My lastest re-arrangement was the introduction of the Mechatronics subject, which is an important engineering container concept including items from control theory, DSP, mechanical analogies and other sub-subjects.
The listing includes these special attributes :
A ¤=¤ Which is a visual separator ( empty folder ) between each subject. I try to use a single character for clarity.
Audio – .Acoustics ¤ Where Audio is the subject. The dot or point in .Acoustics is used for sorting, forcing Acoustics to be listed first, as well as to indicate this is an important item within this subject. The final ¤ character indicates that there is a organized sub folder here including files for the subject.
Audio – Reviews The absence of the ¤ character indicates that there is an un-organized sub folder here including a mess of files.
Basic – LabVIEW and the National Instruments world -¤- 27 The presence of the -¤- 27 characters indicates there is an organized nested sub folder including 27 folders. This concept is a way to avoid having too many folders at the highest nesting level.
Sub folders at the next highest nesting level :
The next highest nesting level may contain :
- Either files for the subject.
- Or it may contain more folders related to the subject to avoid having too many folders at the highest nesting level.
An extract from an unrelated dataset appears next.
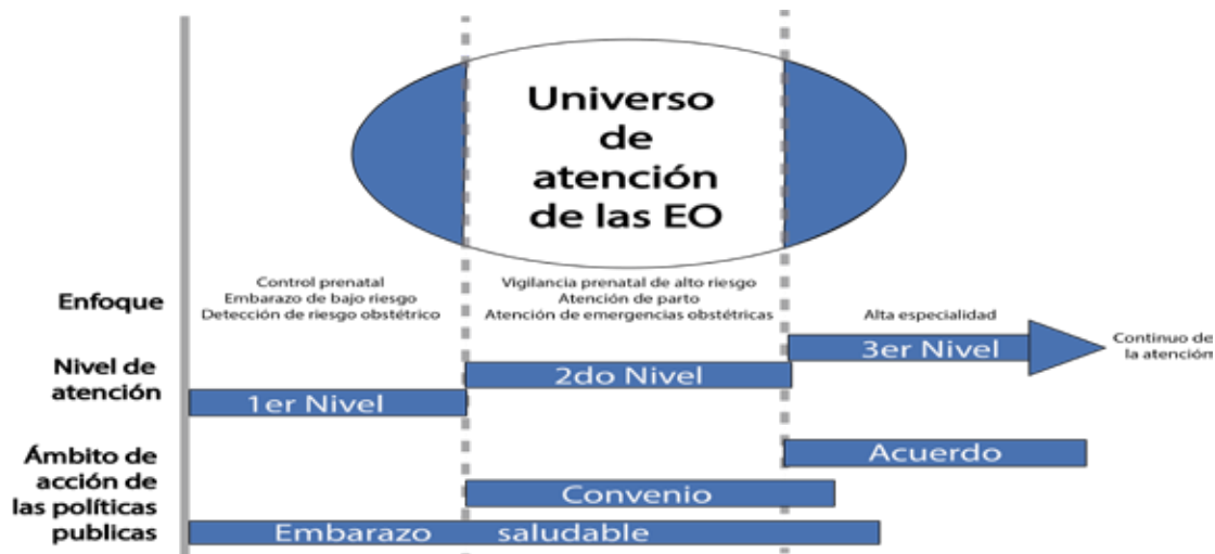
Figura 2. Atención de las emergencias obstétricas en México

Basic – LabVIEW and the National Instruments world -¤- 27 indicated 27 sub folders. This is a folder listing :
A - Language, Classic and NXG ¤ B - Actor Framework and OOP ¤ C - Project, SVN, EXE-built and more ¤ D - Digital Signal Processing ¤ E - MathScript, Matlab and HiQ ¤ F - Vision ¤ G - SQL ¤ H - Remote Panels and Computing ¤ I - Sim and Control, Simulink, PID and Fuzzy Logic ¤ J - Kalman Filtering ¤ K - Test Automation ¤ L - Python and LabPython ¤ M - Assorted ¤ N - Toolkits ¤ O - References ¤ P - NI-DAQ, VISA, PXI and more ¤ Q - DLL, CIN and more ¤ R - DMA, Buffers and more ¤ S - myRIO and CompactRIO ¤ T - ELVIS ( look in the Mechatronics chapter ) U - Hardware and more ¤ V - CVI aka LabWindows Language ¤ W - ComponentWorks ¤ X - Measurement Studio ¤ Y - ActiveX, ATL, COM and OLE ¤ Z - Multisim ¤ Ø - Newsletter and more ¤
I listed the full content to show that it may be convenient to add a character is front, like A – in order to control what is listing first ( most often used or most relevant or whatever ).
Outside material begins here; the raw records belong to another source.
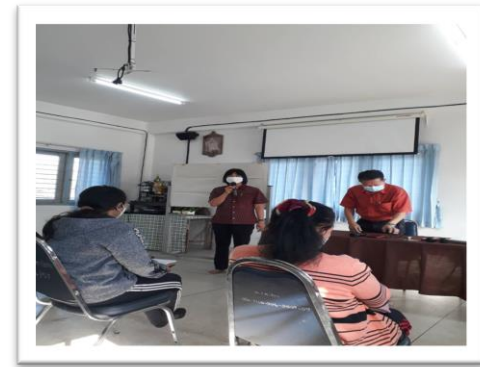
โครงการอบรมป้องกันโรคระบาดในชุมชนไวรัสโควิด-๑๙ณ โรงพยาบาลส่งเสริมสุขภาพประจำตำบลแม่แก้ว
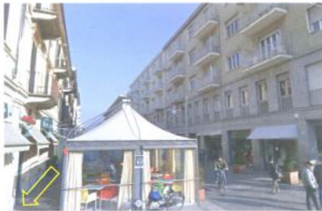
Indicazione posizione console deejay
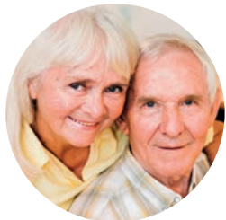
Verhinderungspflege, die Angehörige entlastet

Damit wieder jemand für Sie da ist, organisieren wir regelmäßige Spielenachmittage, feiern gemeinsame Feste, bieten geselliges Beisammensein und organisieren begleitete Restaurantbesuche.
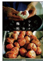
ワタナヘマキの梅料理 ワタナヘマキ・著 NTK出版
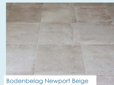
Bodenbelag Newport Beige

But the folder could also have looked like the folder listing shown for the highest nesting level. The only rule here is that it should look good to the reader ( me ).
Sub folders at the lowest nesting level :
The lowest nesting level ( either second or third ) holds the actual files related to the subject. Here is a listing :
-1 = Introductions and Tutorials -3 = Comprehensive Texts -4 = Fluffy Texts -5 = Comprehensive Documentation -6 = LabVIEW Technical Resource #1 #1 = Documentation Resources Index ¤ 2018.html #1 = Get Start with LabVIEW ¤ 2013 ¤ 89p ¤ NI.pdf #1 = Introduction to LabVIEW ¤ 2016 ¤ 71p.pptx #1 = LabVIEW Fundamentals ¤ 2005 ¤ 165p ¤ NI.pdf #1 = Tips Labview Development ¤ 2007 ¤ 39p.pdf #3 #3 = LabVIEW - User Manual ¤ 2003 ¤ 349p ¤ NI.pdf #4 #4 = Best Pract. for BDs and FPs ¤ 2011 ¤ 115p.pdf #4 = GPOWER XNodes and VIMs ¤ 2016 ¤ 33p.pdf #4 = SW Eng Tools with LabVIEW - Hands On ¤ 43p.pdf #4 = LabVIEW - Dev Guidelines ¤ 2003 ¤ 97p ¤ NI.pdf #4 = LabVIEW - Meas. Manual ¤ 2000 ¤ 358p ¤ NI.pdf #4 = LabVIEW - Meas. Manual ¤ 2003 ¤ 159p ¤ NI.pdf #4 = LabVIEW Graph Dev - Hands On ¤ 2006 ¤ 126p.pdf #4 = What is LV used for ¤ ViewPoint Systems.html #5 #5 = G Prog Reference Manual ¤ 1998 ¤ 667p ¤ NI.pdf #5 = Func and VI Ref Manual ¤ 1999 ¤ 609p ¤ NI.pdf #5 = LabVIEW Version 5.1 Addendum ¤ 1999 ¤ 108p.pdf #5 = The LabVIEW Style Book ¤ 363p.pdf #6 #6 = LabVIEW Technical Resource 1996 Q3 ¤ 24p.pdf #6 = LabVIEW Technical Resource 1999 Q3 ¤ 8p.pdf #6- = Tech. Res. Introduces Bundled Value Packs.pdf
The listing include both folders ( in bold ) and files ( in blue-ish ). ( I have shortened some file names to avoid line wrap-around in this post ).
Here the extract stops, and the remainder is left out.